▸ **Work task**
All lines from the opening of the material up to and including the line with "步骤五:输入你收到的 6 位验证码(一般自带 G-,你只要填数字就行)" should be transcribed exactly, pictures excepted.

▸ **Data provided**
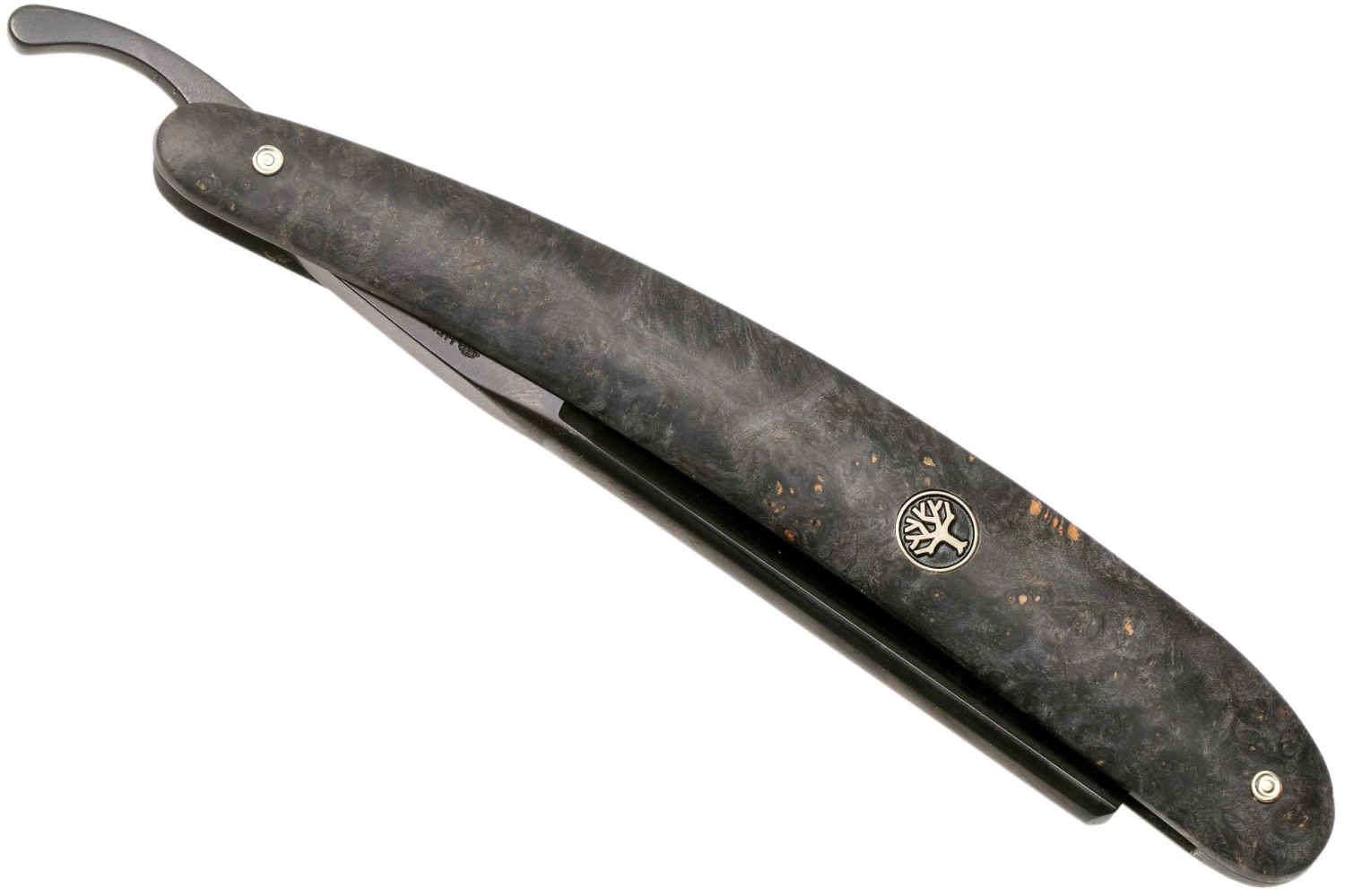Le Böker Manufaktur Solingen Black Amboina est un rasoir coupe-choux de la plus haute qualité. La marque Böker s’est forgé une excellente réputation en fabriquant des rasoirs coupe-choux fantastiques depuis plus de 100 ans. Ce rasoir droit est fabriqué dans l’atelier de Böker situé à Solingen en Allemagne.
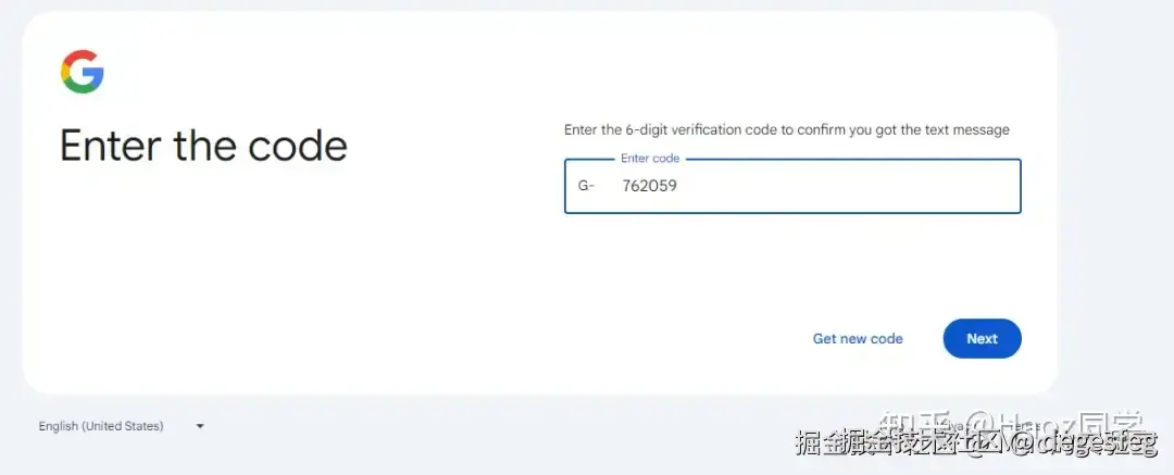 步骤五:输入你收到的 6 位验证码(一般自带 G-,你只要填数字就行)
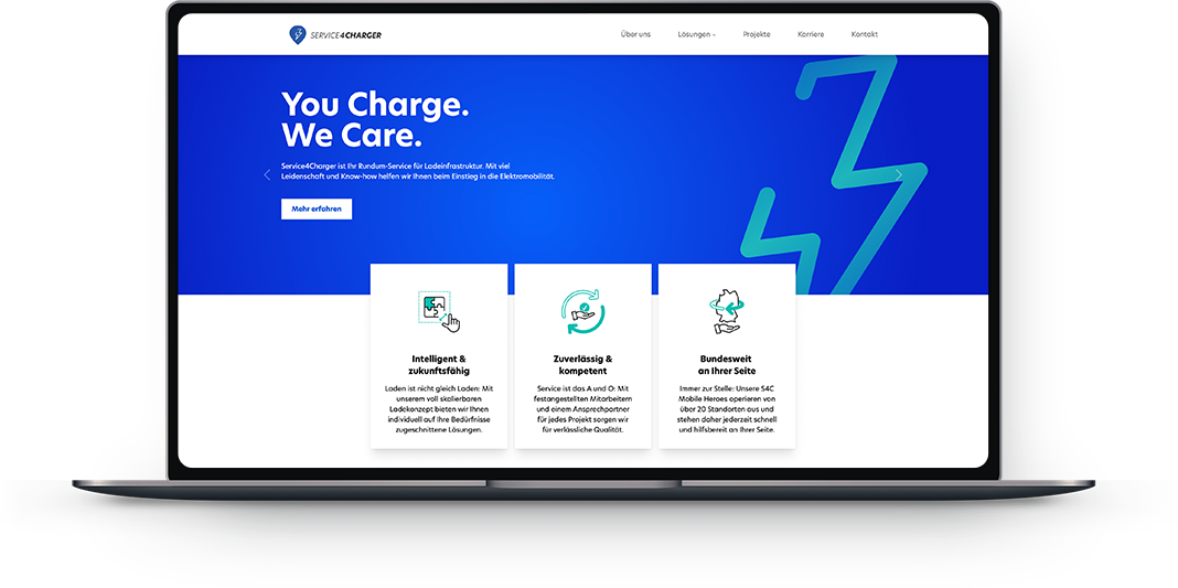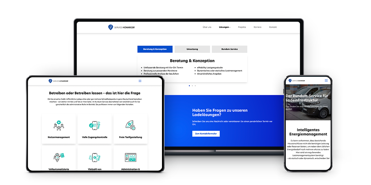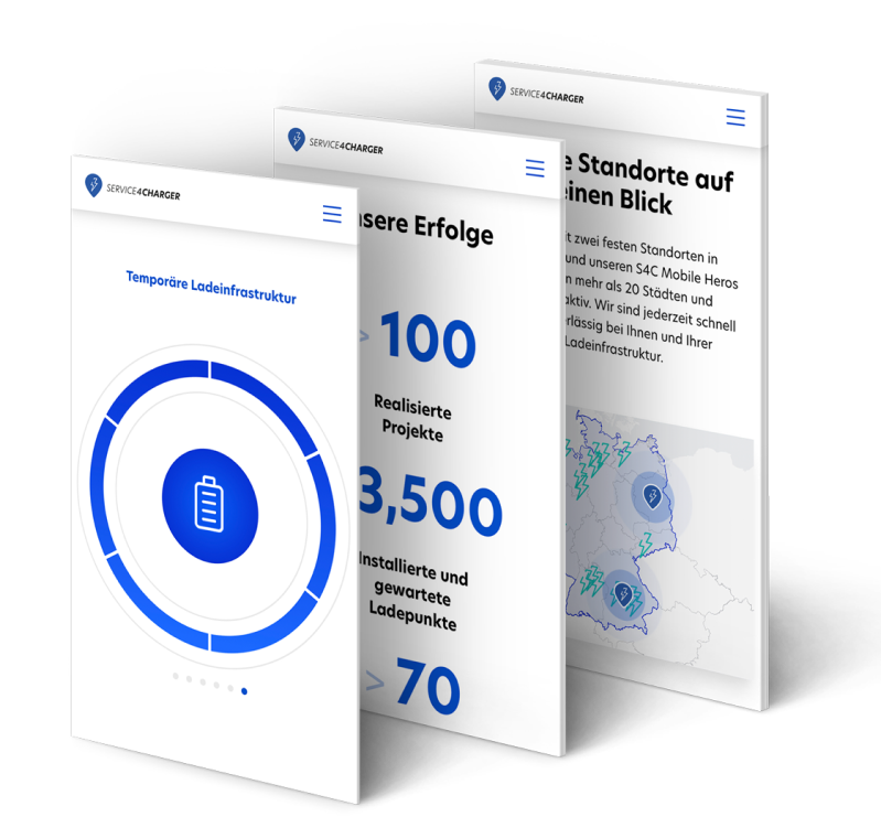 Ziel des Projekts war ein kompletter Relaunch der Corporate Website von Service4Charger. Mit einem nutzerzentrierten Ansatz sollten sowohl die Struktur als auch das Visual Design überarbeitet werden. Anforderungen waren unter anderem ein modernes Look & Feel, eine fokussierte Nutzeransprache und ein nutzerfreundliches und leichtgewichtiges Corporate-Management-System (CMS), um die Website auf einen modernen technischen Stand zu bringen.
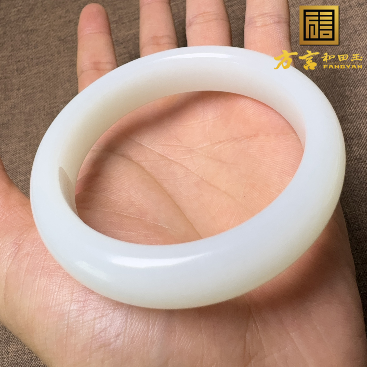 震撼方言和田玉精品珍藏级新疆细腻油润且末羊脂白玉卡60mm手镯X5
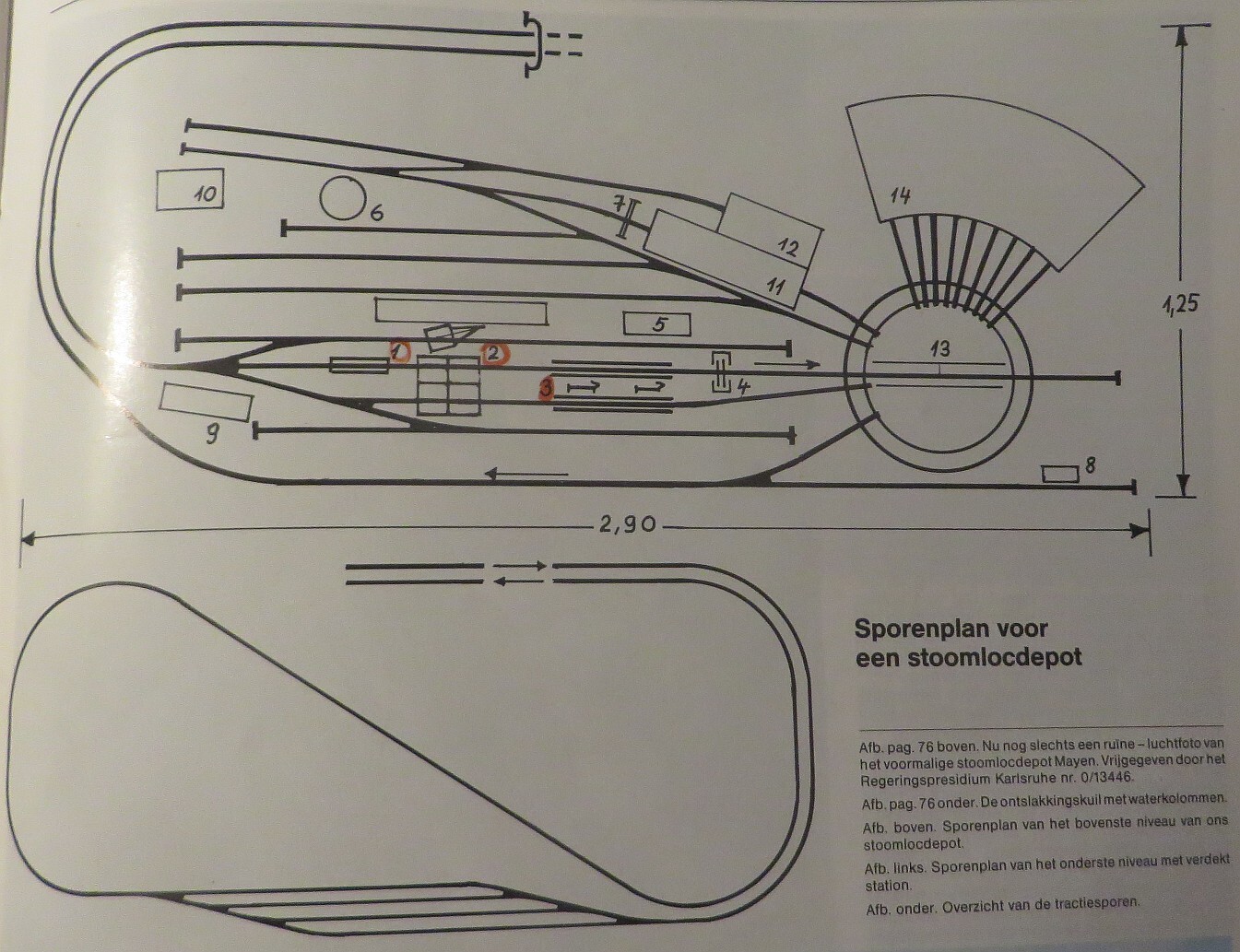 In een oude Faller 'brochure' (nr 842; Modelbouw makkelijk gemaakt) staat een baanplan van een stoomdepot en tevens foto's van het gerealiseerde plan. Het baanplan is vrij gedetailleerd - ook heel gedetailleerd beschreven- en past op een oppervlak van 2.90 m x 1.25 m.

▸ **Completed exercise**
Le Böker Manufaktur Solingen Black Amboina est un rasoir coupe-choux de la plus haute qualité. La marque Böker s’est forgé une excellente réputation en fabriquant des rasoirs coupe-choux fantastiques depuis plus de 100 ans. Ce rasoir droit est fabriqué dans l’atelier de Böker situé à Solingen en Allemagne.
 步骤五:输入你收到的 6 位验证码(一般自带 G-,你只要填数字就行)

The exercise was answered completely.